Table Hybrid Parse

Parse raw documents using a combination of text and table parsing modules.

Because OCR models are paid models, it can be expensive to OCR-parse all raw documents.

OCR models are primarily used to parse raw documents that contain tables. Therefore, it is cost-effective to parse raw documents that do not contain tables with non-OCR methods and parse raw documents that do contain tables with OCR.

To accomplish this, the Table Hybrid Parse module performs parsing in the following steps

  1. breaks the raw document into pages.

  2. uses table detection to distinguish between pages that contain tables and pages that do not.

  3. pages that do not contain tables are parsed by the text parsing module.

  4. Parses pages that contain tables with the table parsing module.

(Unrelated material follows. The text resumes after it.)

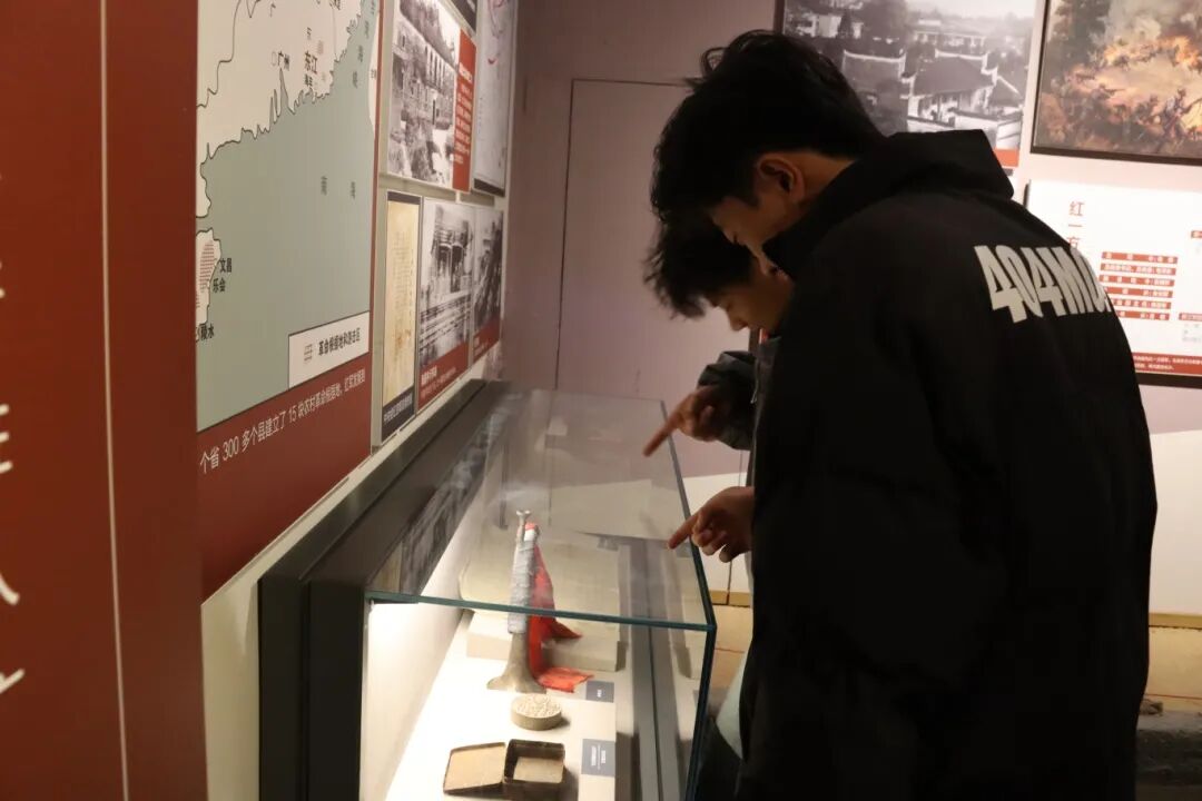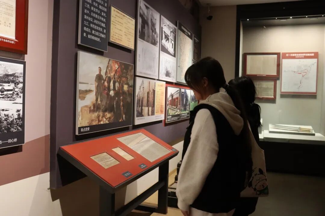 在羅坊會議歷史陳列區(qū),學(xué)生們通過會議復(fù)原場景和珍貴文獻資料,深入了解這一會議的重大歷史意義。展柜中紅軍使用過的武器裝備、會議決議文件等珍貴文物,生動再現(xiàn)了革命先輩在關(guān)鍵時刻的英明決策。在“興國調(diào)查”專題展區(qū),毛澤東同志深入基層調(diào)查研究的事跡讓學(xué)生們深刻體會到中國共產(chǎn)黨人求真務(wù)實、密切聯(lián)系群眾的優(yōu)良作風(fēng)。![]()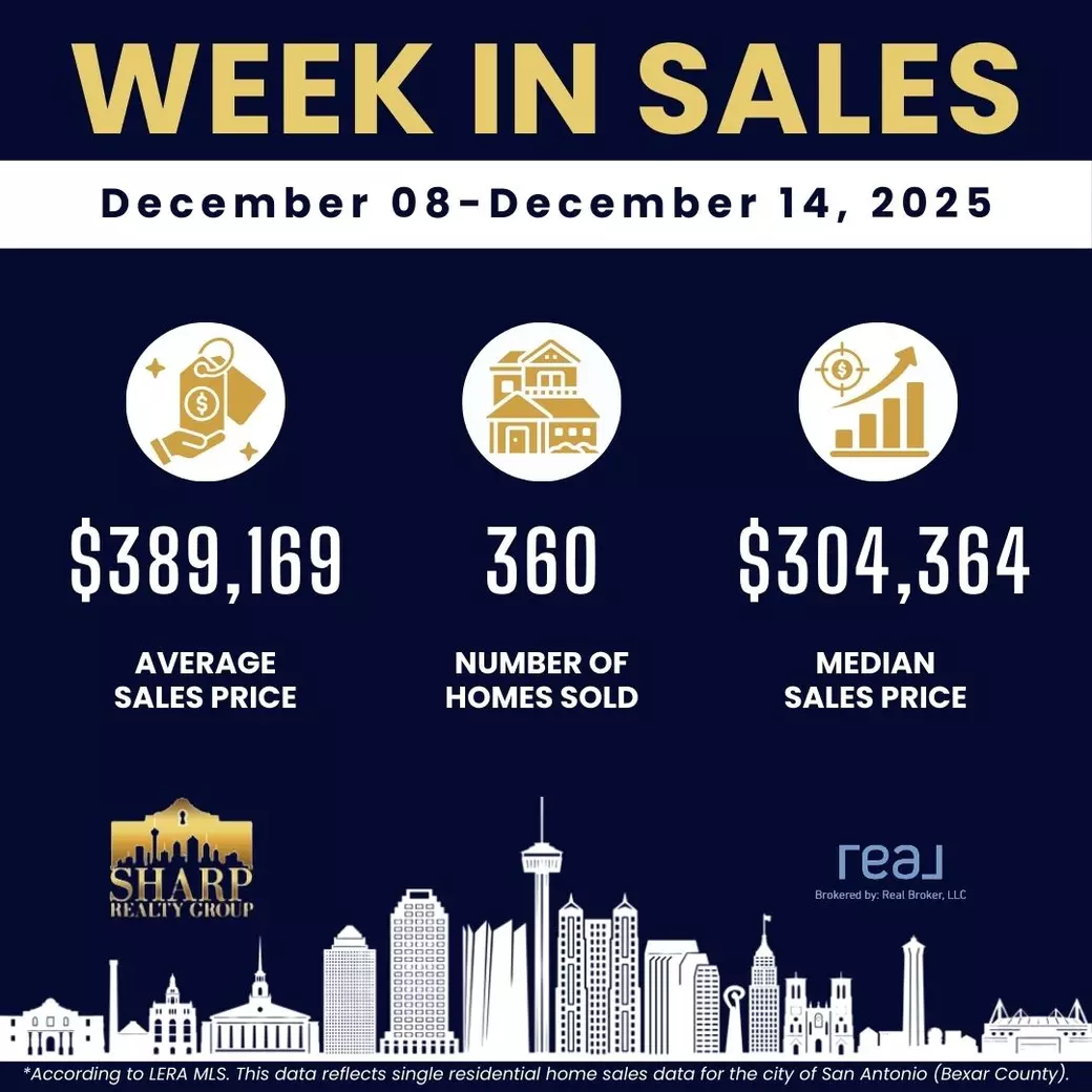 The San Antonio housing market showed notable price appreciation during the week of December 08-December 14, 2025, with average sales prices climbing 19.09% and median prices rising 8.70%.

  5. merge the parsing results to return the final result.

Table Detection

Use PDFPlumber to split pages with and without tables.

Table Parse Available Modules

  • llama_parse

    • You need to add result_type: markdown to the table_params.

  • clova

    • You need to add table_detection: true to the table_params.

  • langchain_parse

    • You need to add parse_method: upstagelayoutanalysis to the table_params.

Parameters

  • text_parse_module: str

    • The module to use for text parsing.

  • text_params: dict

    • parameters for the text parsing module

  • table_parse_module: str

    • The module to use for table parsing.

  • table_params: dict

    • parameters for the table parsing module

Example YAML

If you want to use the langchain_parse module for text parsing and the clova module for table parsing, you can use the table_hybrid_parse module.

modules:
  - module_type: table_hybrid_parse
    text_parse_module: langchain_parse
    text_params:
      parse_method: pdfplumber
    table_parse_module: clova
    table_params:
      table_detection: true